Re: I'm down and need help
Quite honestly, there ARE some family situations where the best and only course of action is to do what you've mentioned: LEAVE. I do suggest that this should be a last resort, of course, because cutting ties with family is a very long process and quite energy intensive, plus emotionally a roller coaster (yes, this is the voice of experience!). But persistently toxic people, especially ones with whom you have a lot of psychic ties that go back a long way, will poison you. You have to decide if you can prevent the poisoning (I decided I could not; they were in no way inclined to change ANYTHING about their relationship with me or their own attitudes and I couldn't continue being continually poisoned if I wanted to heal and grow), and if the relationships are worth saving at all (sometimes they are, sometimes not).
Would you want to hang out with these people if not for the family connection? Do you have anything in common aside from a shared history and the label "family" (and possibly DNA)? Are you trying to maintain the relationships due to a sense of guilt, duty, obligation, etc., or because you genuinely want to maintain the relationships? And so on.
I can't tell you what to do. I will, however, suggest that you need to seriously think about the nature of your relationships with your family, and I will assure you that while it might be seen as drastic by a lot of people, it is something that some people feel they MUST do, and it does, eventually, prove to be positive. I'll also note that unless you leave by burning a lot of bridges and making a big drama out of it, you can, often, rekindle family relationships at some point if you feel you want to.

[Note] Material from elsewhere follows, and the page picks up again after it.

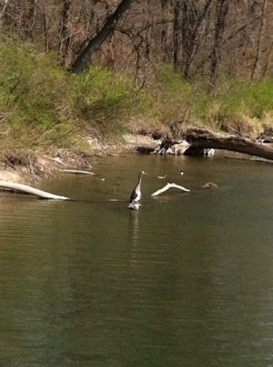 We also saw this Great Blue Heron. Boh and Madigan were too busy focusing on all the Canadian Geese to notice.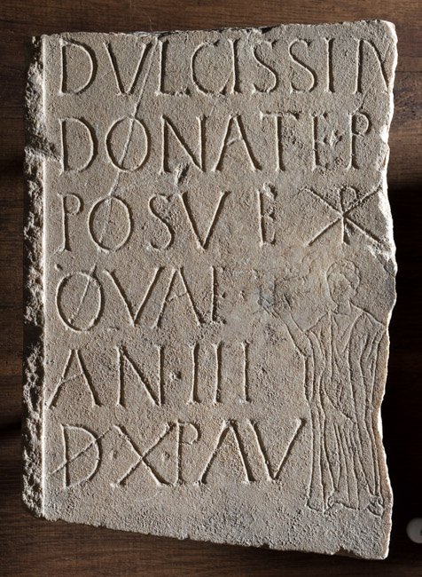 - Dulcissim[ae ---] / Donat(a)e p[arentes ---] / posue[runt ---] / quae [vixit] / an(nos) III [m(enses) ---] / d(ies) X pau[savit ---]

I will also absolutely recommend for your own peace of mind and well-being that you need to start doing tie-cutting rituals immediately, and also (important!) practice psychic shielding. As you cut, there will almost certainly be backlash, so it's important to have shielding in place. And keep cutting and keep shielding until it becomes second nature.
And if you decide to continue in these relationships, I still recommend tie-cutting and shielding. If a tie is meant to be there, it is easily (and sometimes unintentionally) re-established. The shielding will help in all circumstances, and it's a good habit to be in. So start there, and then assess your relationships and decide as you go. There's no rush. Protect yourself first.
I hear you. I wish you healing and peace.
May the light surround you, may you be blessed. May the light surround us, may we be blessed. May love and light surround us all, and may we all be healed and blessed. And so it is, and so it shall be, now and ever after.